1879 Bulgarian Constituent Assembly election
- 89 of the 230 seats in the Constituent Assembly and Grand National Assembly 116 seats needed for a majority
- This lists parties that won seats. See the complete results below.
| Party |  | Leader | Seats |
|  | Independents | Anthim I | 89 |
| Head of government before | Head of government after |
| Alexander Dondukov-Korsakov Provisional administration (Ind.) | Todor Burmov Burmov (Cons.) |

= 1879 Bulgarian Constituent Assembly election =

Elections were held in Bulgaria between 1 and 30 January 1879 to elect a 89 of the 230 representatives of the Constituent Assembly. It convened in Tarnovo to, as outlined in article 4 of the Treaty of Berlin, draft the constitution of the newly established Principality of Bulgaria, a vassal state of the Ottoman Empire.

==Electoral system==
The Assembly consisted of 117 ex officio members (12 members of the clergy, 105 members of the judiciary and regional councils), 24 appointed by the leader of the provisional government, Alexander Dondukov-Korsakov, and 89 elected MPs.

==Aftermath==
The Assembly convened on 10 February and was in session until 16 April, when it ratified the constitution. The parliament was later transferred to Sofia, which became the capital of the country. The constitution was very democratic for its time, with a strong legislature, support for which saw the first political divisions between Liberals and Conservatives.

As the constitution came into effect, the Constituent Assembly dissolved itself and its members became members of the I Grand National Assembly, tasked with electing the country's monarch.
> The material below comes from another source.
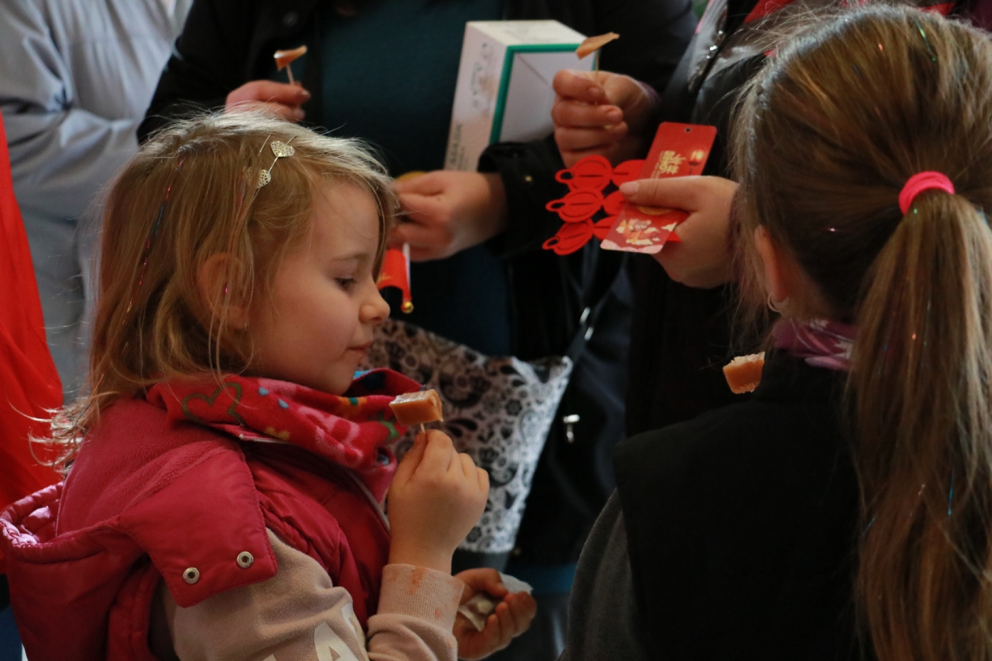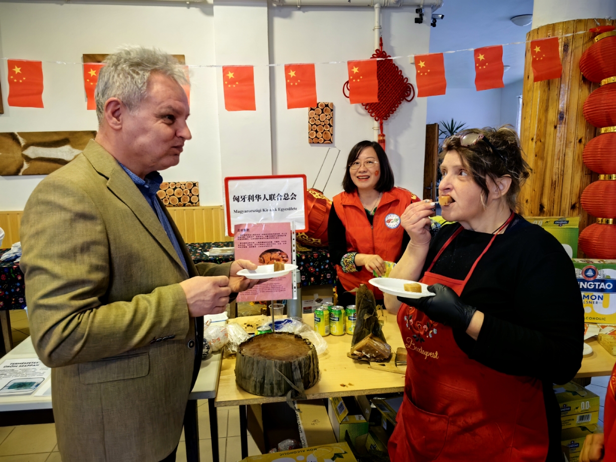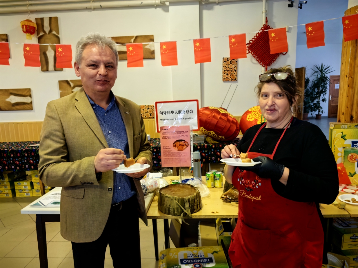 谢赖盖耶什市市长Horváth Sándor(左)和副市长Kajos Istvánné女士(右)品尝中国民间特色美食“青田糖糕”。

Three candidates were proposed: Pricne Reuss, Prince Valdemar of Denmark and Prince Alexander of Battenberg. As per a secret agreement between Russia and the European Great Powers, Battenberg was chosen, with a large majority. Dondukov-Korsakov then dissolved the Grand National Assembly on 18 April. According to some sources, the Assembly was in session until 26 June, when Battenberg arrived in Tarnovo to swear to defend the new constitution, but no records of sessions after 18 April have been found. The country's first government was appointed on 5 July, consisting entirely of conservatives.